Almedí habia escuchado atentamente aquel largo relato, y se habia estremecido mas de una vez.
Cuando Satanás concluyó aquel cuento, Almedí invocó poderosamente á Dios.
Entonces la Eva, la hermosísima Eva maldita, y el maravilloso alcázar que la contenia desaparecieron.
Solo quedaron delante de Almedí, el pequeño hombre-fiera, y el estraño cachorro de perro y de leon.
Almedí circuncidó al hombre-fiera y le puso por nombre Jask-Al-bahul.
Buscó una nodriza á propósito para cada uno de los dos hermanos, y se dedicó á la enseñanza del que podia comprenderle y serle comprensible, por que Almedí no conocia el lenguaje de los animales.
Cuando Jask-Al-bahul fué crecido, le contó su historia, revelóle que aquel lanudísimo perro era hermano suyo, que debia tratarle como á tal, y ser bueno y temeroso de Dios si queria apartar de sobre sí la maldicion que pesaba sobre su familia.

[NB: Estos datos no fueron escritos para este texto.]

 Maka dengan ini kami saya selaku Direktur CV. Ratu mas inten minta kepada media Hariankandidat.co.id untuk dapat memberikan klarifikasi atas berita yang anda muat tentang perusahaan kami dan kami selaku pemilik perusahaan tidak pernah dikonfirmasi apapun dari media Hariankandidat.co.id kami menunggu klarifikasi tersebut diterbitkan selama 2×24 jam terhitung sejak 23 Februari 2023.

Jask-Al-bahul, por el contrario de los suyos, crecia en la virtud, amaba á su hermano, aunque bajo aquella figura, y el feróz perro era para él, como para Almedí, sumiso y manso como un cordero.
Y pasaron así desde el nacimiento de Jask-Al-bahul y de su hermano, tres veces siete años.
Almedí murió, teniendo de un lado al hombre-fiera y del otro al perro-leon.